I was astounded when I saw the quote attributed to Amber Rudd “...when the rest of us are absolutely committed to a one-nation government”. I thought that pretence had been abandoned long ago. If one-nation government is indeed the Conservatives’ aspiration, I suggest that they need to concentrate on being one party first.

Gordon Watt

Reading

The correspondents (letters, 21 March) who accused Iain Duncan Smith of hypocrisy in his denouncing of his own Government for its lack of concern about social justice are entirely right.

Those Tory MPs who have jumped on this bandwagon and who want to leave the EU are the same people who want to rid the country of the EU rules that help to protect the less well off: the working time directive, minimum holiday entitlements, etc.

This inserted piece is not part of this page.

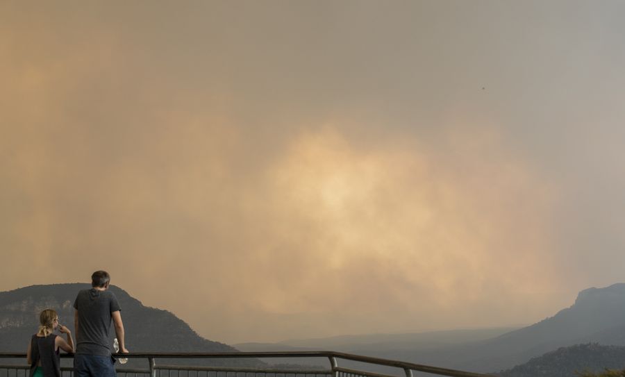 Citizens observe the condition of the bushfire in the smoke-shrouded Blue Mountain area, New South Wales, Australia, Dec. 21, 2019. (Xinhua/Bai Xuefei)

Once out, they will be free to erode workers’ rights with impunity, worsening the lot of those they are currently claiming to champion.

This appalling situation, bitterly destructive even by Conservative Party standards, and three months before the referendum, underlines the folly of this vote in the first place. The question is: will it cause Jeremy Corbyn to stop contemplating his navel and start campaigning for us to remain in the EU? Sadly, I doubt it.

Ian Richards

Birmingham

Show some courage on higher income tax

The fairest way to raise public revenue, it is widely agreed, is via income tax. Neither the present Government nor quite a few before it have had the courage to raise the basic rate when more cash has been needed.

Instead they have gone all round the houses trying to find less politically risky (but often more regressive) ways of funding the Exchequer. Both Mr Cameron and indeed Mr Corbyn need to turn the present situation to advantage by indicating that – in future – they will grasp this necessary nettle.

Rev Andrew McLuskey

Stanwell, Surrey

Corbyn has dealt with anti-Semitism

I disagree with your editorial (21 March) about “anti-Semitism” in Labour. Corbyn has suspended and expelled those who have voiced anti-Semite views, “Anti-Zionism” and “anti-Israeli government”, both of which I am, are not anti-Semitism. I have nothing against Jews and never will.

You mention a “two-state solution”, but that is just a gimmick for the right-wing Israeli government and media. There will never be a two-state solution under Netanyahu. The problem with Lord Levy, now threatening to quit Labour and a close pal of man of peace Tony Blair, is that he never condemned Israel’s attacks on Palestinians.

Steven Boyle

Middlesbrough

Do students actually have breakfast?

With reference to the student’s breakfast order (letters, 14-21 March), surely any self–respecting student would still be abed when restaurants and cafés had removed breakfast items from the menu.